Content starts
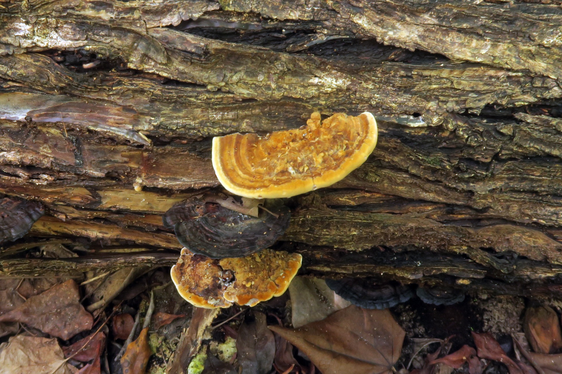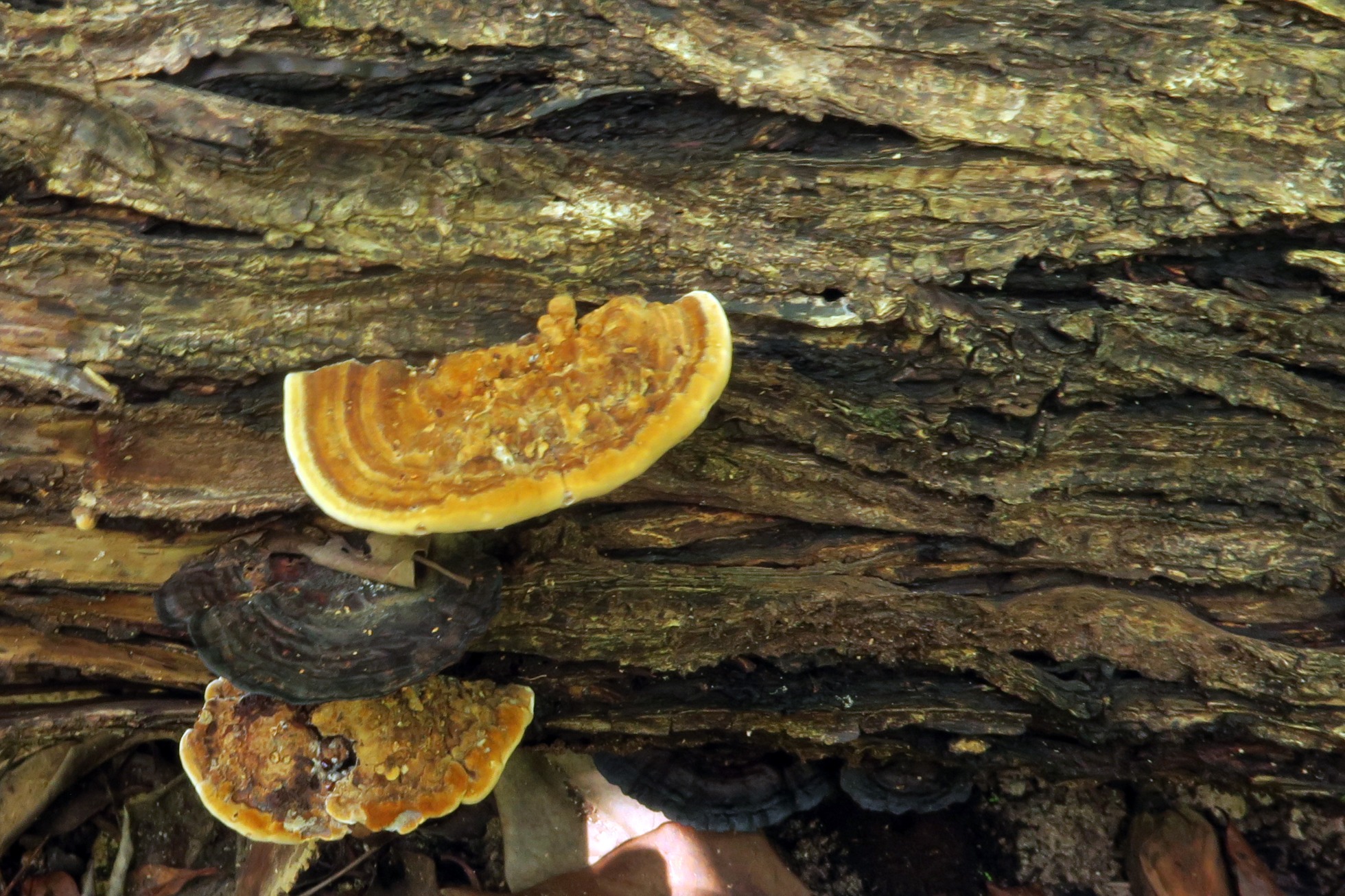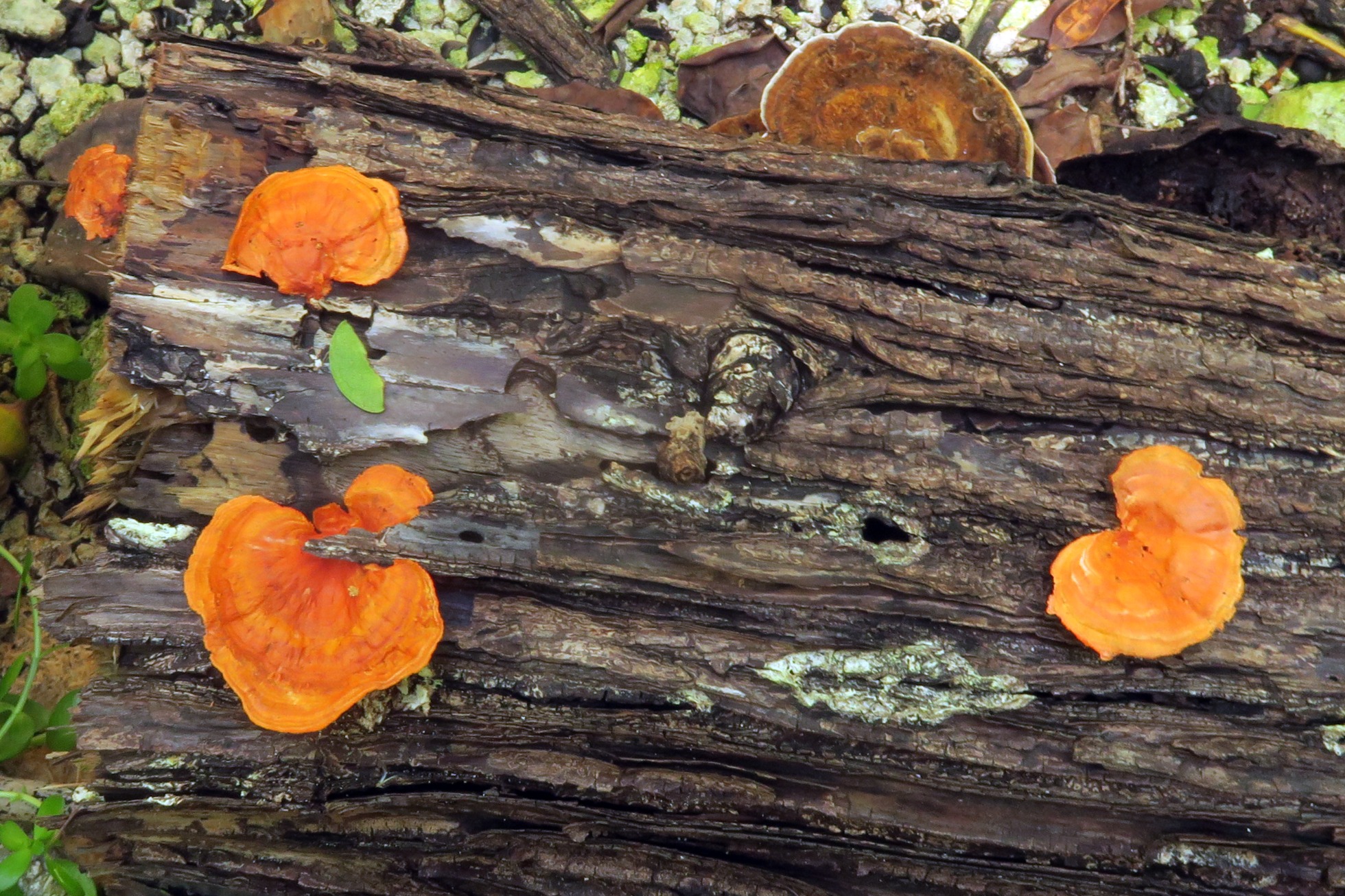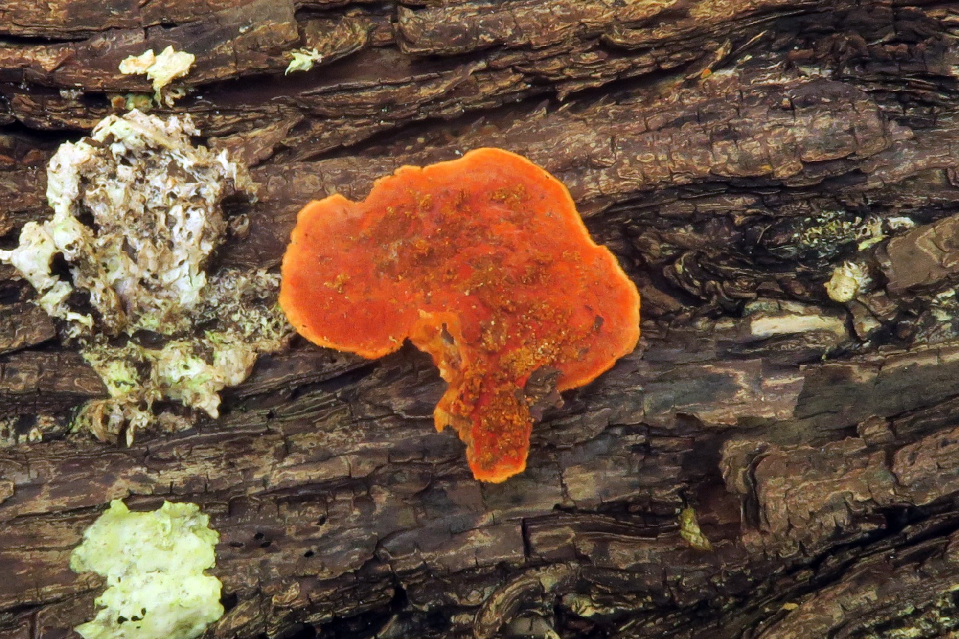 Un Polyporal típico de la zona que nunca me resisto a fotografiar, ya tan solo por ser tan fotogénico, el Pycnoporus sanguineus.
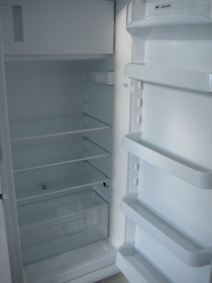 Küche: Einbauküche mit Ober-und Unterschränke, Abwasch, Kühlschrank, Gefrierschrank, Geschirrspüler, E-Herd, Dunstabzug mit Abluft
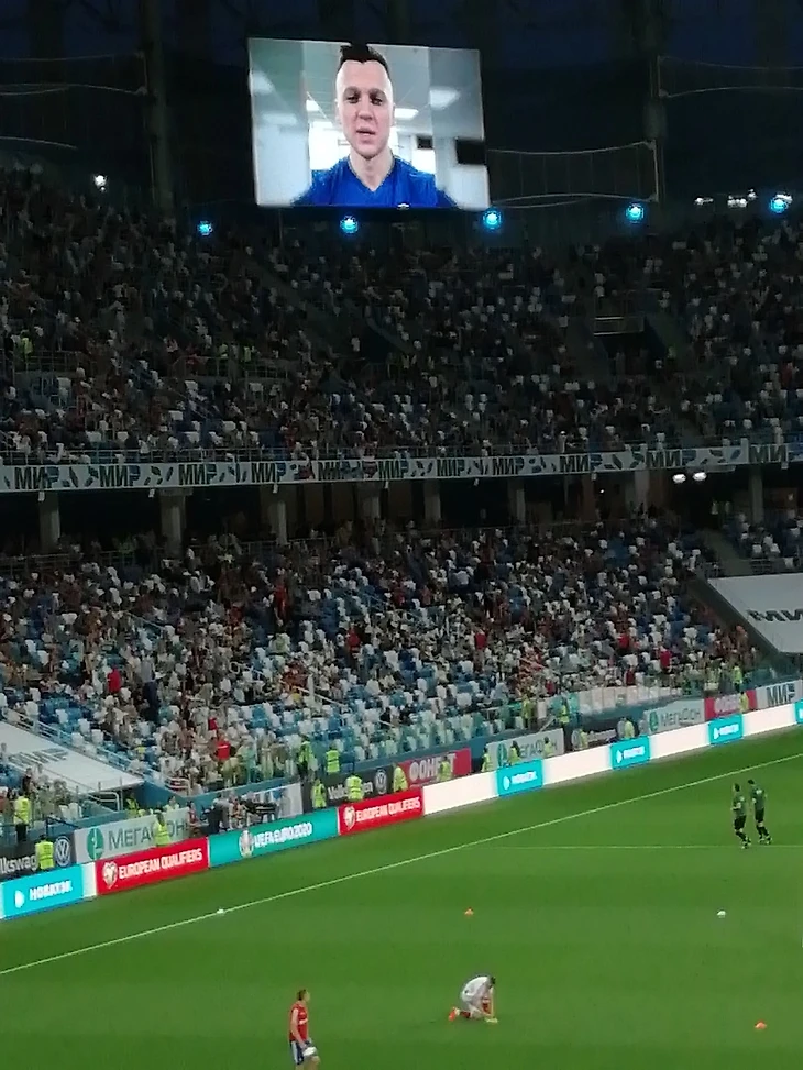 Стадион заметно оживился когда, на экране табло появилось видеообращение Дениса Черышева к болельщикам, с призывом поддержать команду! Денис родился в Нижнем Новгороде, и его здесь просто обожают! Даже несколько игроков сборной на пару мгновений отвлеклись от разминки, и с интересом смотрели на экран.
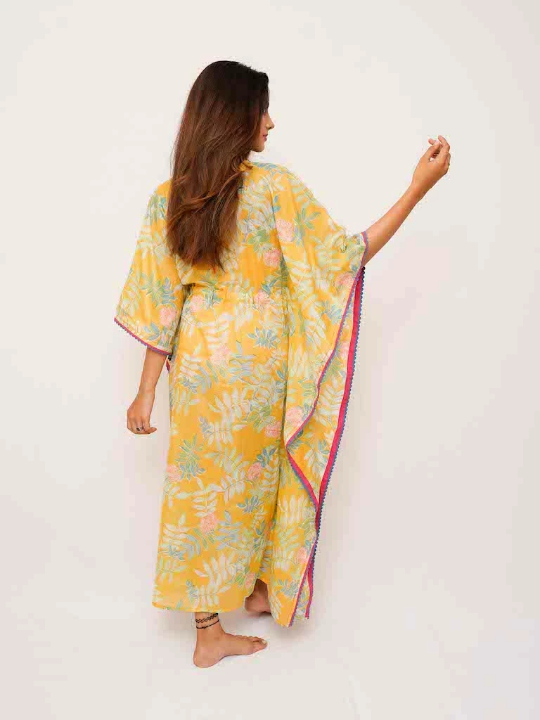 The kaftans are specifically designed as a leisure wear. The material of the kaftan is thin and luminous. This gives it its lightweight luxurious comfort.
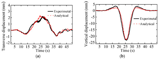 The time–history curves of the displacements of the bridge at the mid-span with one train running through the bridge at a speed of 60 km/h: (a) the vertical direction; (b) the transverse direction.
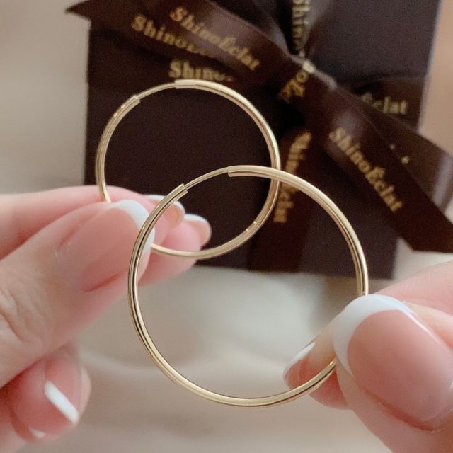 どれがよいのか困ってしまうなら、当店の人気商品「18K フープピアス Infini(アンフィニ) 1.5mm × 30mm」がおすすめです。
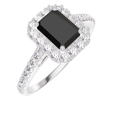 « L'ATELIER » N.º 224879Anillo Oro blanco 9 quilates - Diamante negro Rectángulo 0.5 quilates - Halo Diamante - Engastado Diamante 4.7
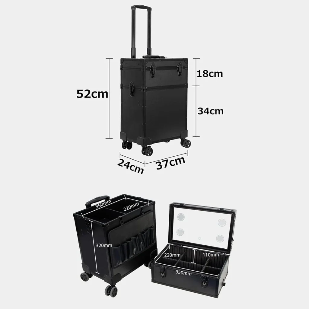Professional follow-up and make-up artist nail art and tattoo toolbox with light, two-stage design, convenient and practical, divided into upper and lower two-stage design, upper layer for cosmetics, lower layer for enlarged items, tools and items, large capacity, can hold a lot.
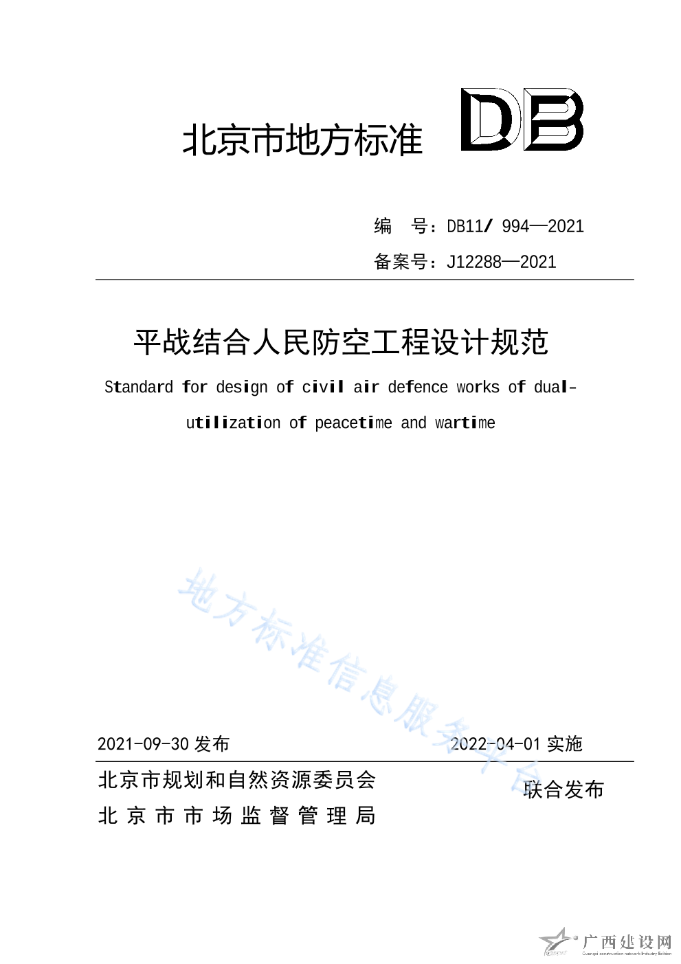 DB11 1741-2020城市基礎設施工程人民防空防護設計標準
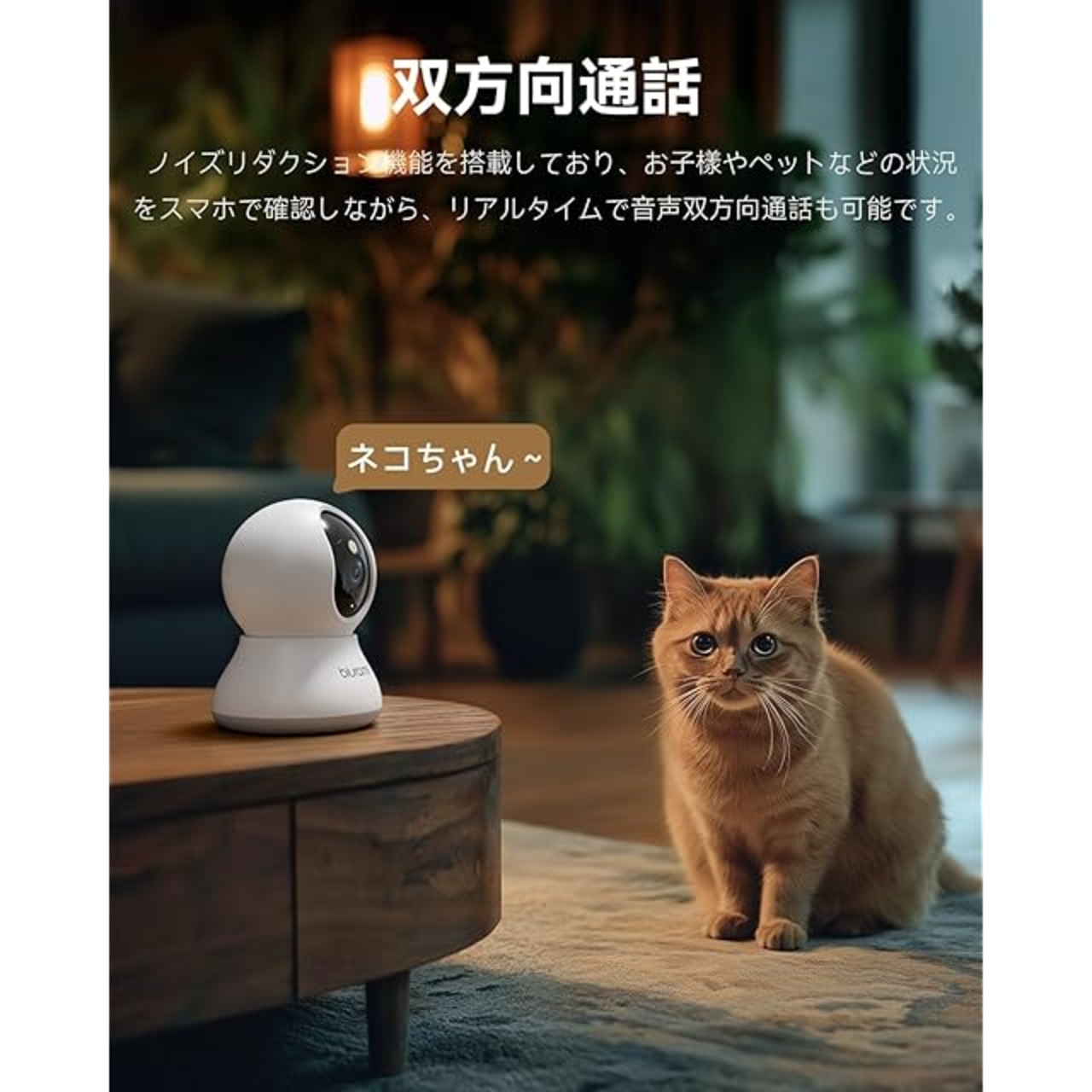 【PTZ首振り機能・ 双方向会話】水平方向360°、垂直方向110°のPTZ機能が搭載しており、アプリでネットワークカメラの向きを遠隔操作でき、360°自由に回転させて、どこからでもご家族やペットを見守ることができます。4倍デジタルズーム機能で気になる部分を拡大して詳細に確認することもできます。さらに、アプリでリアルタイムの双方向音声通話が可能です。ペットの様子を見守る際や、介護が必要な高齢者のケア、オフィス内の監視など、様々なシーンで活躍します。
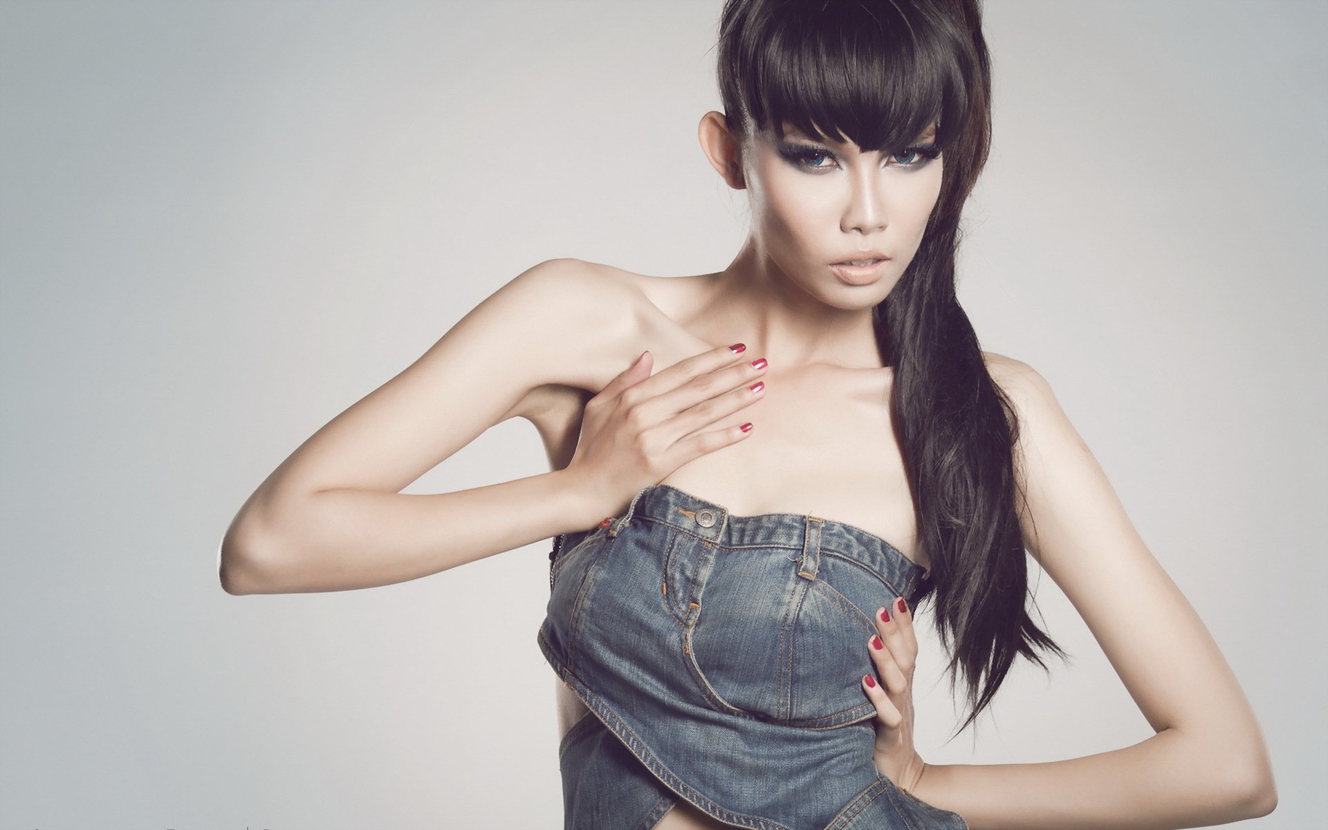Asiatisches Modell in einem Jeanskleid
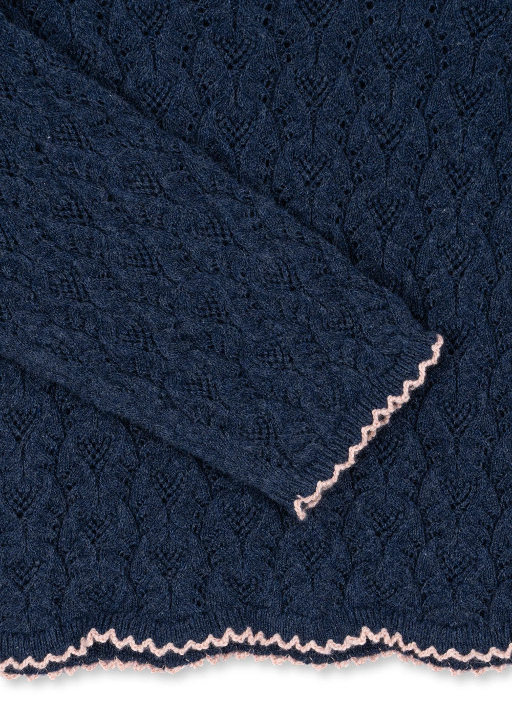 Haut en maille légère orné d’un motif ondulé décoratif et d’ourlets ondulés surpiqués. Fabriqué dans un doux mélange de coton, cachemire et laine.
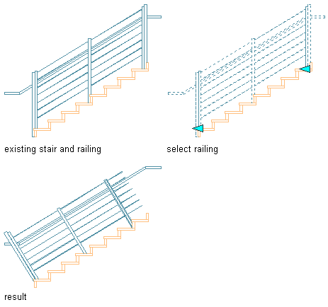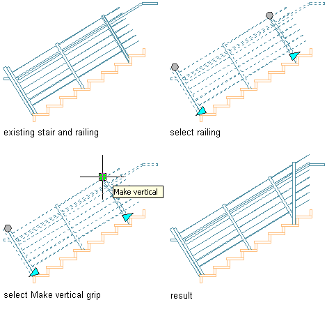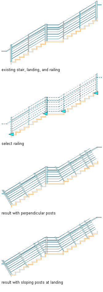 Once a perpendicular railing orientation has been specified, you can use grips to change first and last posts to a vertical orientation.
Content ends
#### Task item
Word for word, reproduce the listing above; no image should be carried over.

#### Response area
 Un Polyporal típico de la zona que nunca me resisto a fotografiar, ya tan solo por ser tan fotogénico, el Pycnoporus sanguineus.
 Küche: Einbauküche mit Ober-und Unterschränke, Abwasch, Kühlschrank, Gefrierschrank, Geschirrspüler, E-Herd, Dunstabzug mit Abluft
 Стадион заметно оживился когда, на экране табло появилось видеообращение Дениса Черышева к болельщикам, с призывом поддержать команду! Денис родился в Нижнем Новгороде, и его здесь просто обожают! Даже несколько игроков сборной на пару мгновений отвлеклись от разминки, и с интересом смотрели на экран.
 The kaftans are specifically designed as a leisure wear. The material of the kaftan is thin and luminous. This gives it its lightweight luxurious comfort.
 The time–history curves of the displacements of the bridge at the mid-span with one train running through the bridge at a speed of 60 km/h: (a) the vertical direction; (b) the transverse direction.
 どれがよいのか困ってしまうなら、当店の人気商品「18K フープピアス Infini(アンフィニ) 1.5mm × 30mm」がおすすめです。
 « L'ATELIER » N.º 224879Anillo Oro blanco 9 quilates - Diamante negro Rectángulo 0.5 quilates - Halo Diamante - Engastado Diamante 4.7
Professional follow-up and make-up artist nail art and tattoo toolbox with light, two-stage design, convenient and practical, divided into upper and lower two-stage design, upper layer for cosmetics, lower layer for enlarged items, tools and items, large capacity, can hold a lot.
 DB11 1741-2020城市基礎設施工程人民防空防護設計標準
 【PTZ首振り機能・ 双方向会話】水平方向360°、垂直方向110°のPTZ機能が搭載しており、アプリでネットワークカメラの向きを遠隔操作でき、360°自由に回転させて、どこからでもご家族やペットを見守ることができます。4倍デジタルズーム機能で気になる部分を拡大して詳細に確認することもできます。さらに、アプリでリアルタイムの双方向音声通話が可能です。ペットの様子を見守る際や、介護が必要な高齢者のケア、オフィス内の監視など、様々なシーンで活躍します。
Asiatisches Modell in einem Jeanskleid
 Haut en maille légère orné d’un motif ondulé décoratif et d’ourlets ondulés surpiqués. Fabriqué dans un doux mélange de coton, cachemire et laine.
 Once a perpendicular railing orientation has been specified, you can use grips to change first and last posts to a vertical orientation.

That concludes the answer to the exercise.